# IS THIS GOLD???



## Duke Ardelis (Jul 19, 2011)

Hi all,

I think i found gold in some sand from a water well i drilled, it is some 6 meters deep,I pulled a few hands of sand from it, and found something that looks like gold, but I'm not sure.

I did some tests i found online, and all were positive, I sent lazersteve some samples to be tested but I know if he got them since he's not active lately.

-does the sand have magnetic black sand?
YES
-do the leaves bend?
YES
does it leave a yellow trace on a white cotton rag?
YES
does it smell like sulfur?
NO
does it have a cubic structure under a magnifying glass?
NO, it has a more smooth structure, like a flat stone, only in gold color.

I dipped one in 19% HCL i bought in the supermarket,to see if it is pyrite, and it melted after about 24 hours,not like it should immediately, but I read later that HCL i combination with tap water will dissolve gold.

After all this i decided to go the some jewelers, but non of them has ever seen unrefined gold in flakes, so i took it to a refinery of precious metals, but they had never seen gold in this form ether, and they need about 200 ml for testing!!!!!!!!!!
Correct me if I'm wrong but that almost 4 kg of gold.

I don't have the cash needed to buy testing equipment, and on top of that no one sells in my country.

So please take a look at the pics, and tell me what do you think, I can email you the pictures if you cant see them.

I need to be 100% sure this is gold before I go and buy the equipment i need, I know its just around 400 bucks with transport, but at the moment for me that's a fortune, so I cant afford to risk borrowing the money if it is not real gold.

This was taken out of the sand using a pair of tweezers. 























Any help identifying what this relay is, is much appreciated.

Thanks in advance.


----------



## Anonymous (Jul 19, 2011)

I have panned,sluiced,and dredged for gold in quite a few places,and that "looks" like gold.Of course I am only looking at a picture.
You WILL receive a result from Lazersteve,and it will be accurate....you just have to give him time to recieve the sample,and run some tests on it.
In the meantime,I highly suggest that you do not speak to anyone else about this.The last thing you want is people on your property trying to dig it up.


----------



## Acid_Bath76 (Jul 19, 2011)

Do you really need to ship it off and have it tested to determine if it's gold?

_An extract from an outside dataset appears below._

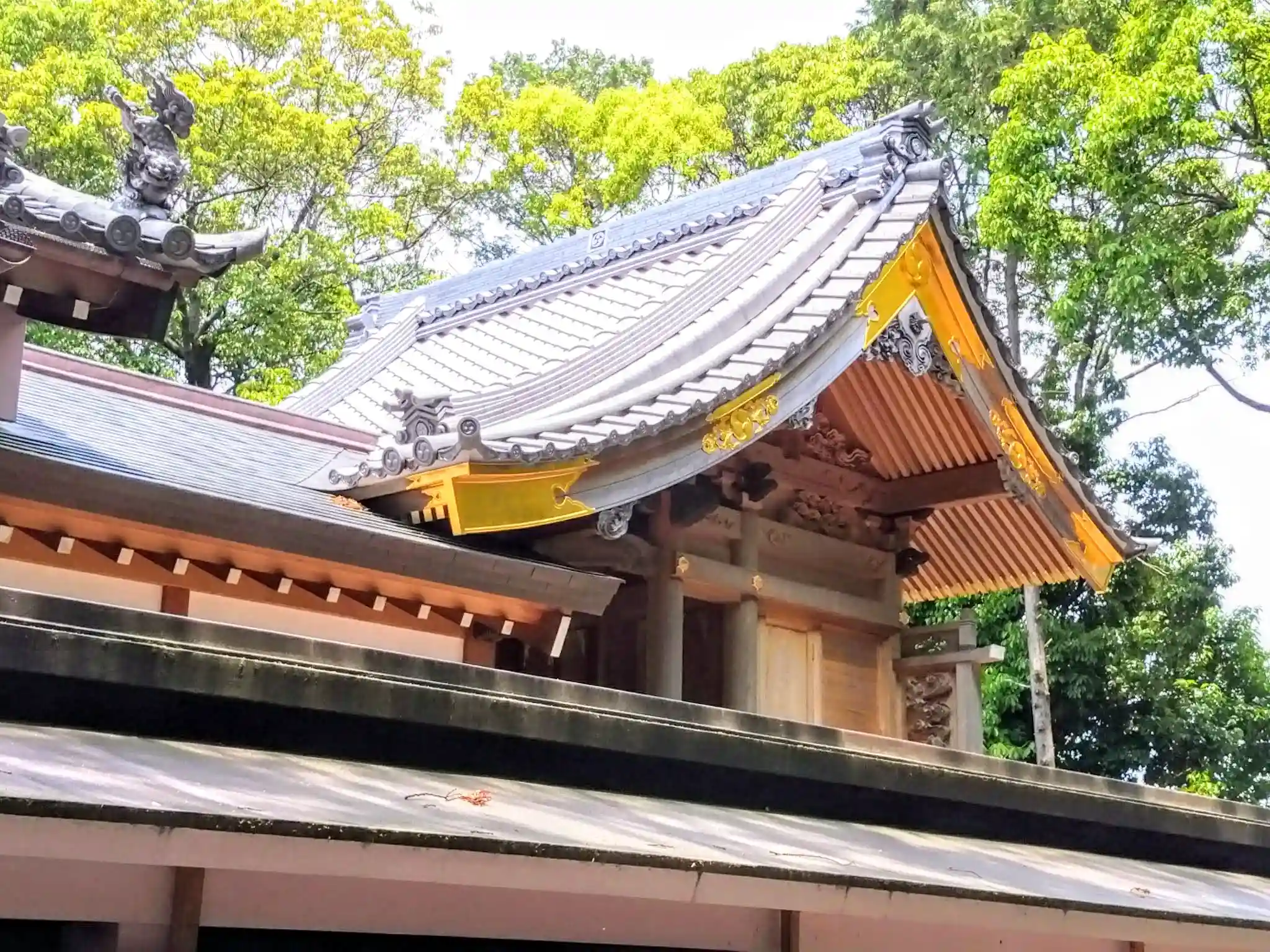 拝殿の屋根の上に何やら?

Or did he want to determine the exact quality of the gold? Don't they make test kits for that as well though?


----------



## Anonymous (Jul 19, 2011)

I think the problem is,his resources,and his finances.He made the right choice by sending it to Steve.But I am sure that the anxiety must be killing him.I showed the pics to my wife and kids and they freaked out......I cannot imagine what this guy is going through.
Duke if you read this.....please just have a little patience,and don't talk to anyone else about it please.You may be sitting on a literal gold mine! I for one will be keeping a close eye on this thread.


----------



## Duke Ardelis (Jul 19, 2011)

I know steve will answer when he gets the samples, and finds some time to test them. This is my first gold find, I've been searching for it for some time now.

Acid, unfortunately in my country there is no one that tests gold (or they just wont do it for me, like jewelers), and I can not afford a testing kit plus shipping is aprox $100, and i want to save as much money as I can so that i can buy a blue bowl,and a few more stuff like a small sluice box ect. 

I just wanted to know could this be gold, from more experienced people, so that i can hope that the result will be positive :lol: :lol: :lol: :lol:

Thanks Mic. You are right the anxiety is killing me, I just want to know.

After a long time I could solve some of my money related problem, and quit my stinking job,something else was written here, but i removed it due to cursing rules.


----------



## martyn111 (Jul 19, 2011)

Have you tried 'panning' this material? 
If you have how did it behave in the pan?


----------



## philddreamer (Jul 19, 2011)

I've also done some dredging & panning, like Mic, & they look like very thin gold flakes to me. Here's a pic of some that I recently recovered. 
You have some options that won't cost you much for recovering more of the "gold", like making a sluice from 4 foot of 4" corrogated plastic pipe, 2 nails & a 4 foot wood plank.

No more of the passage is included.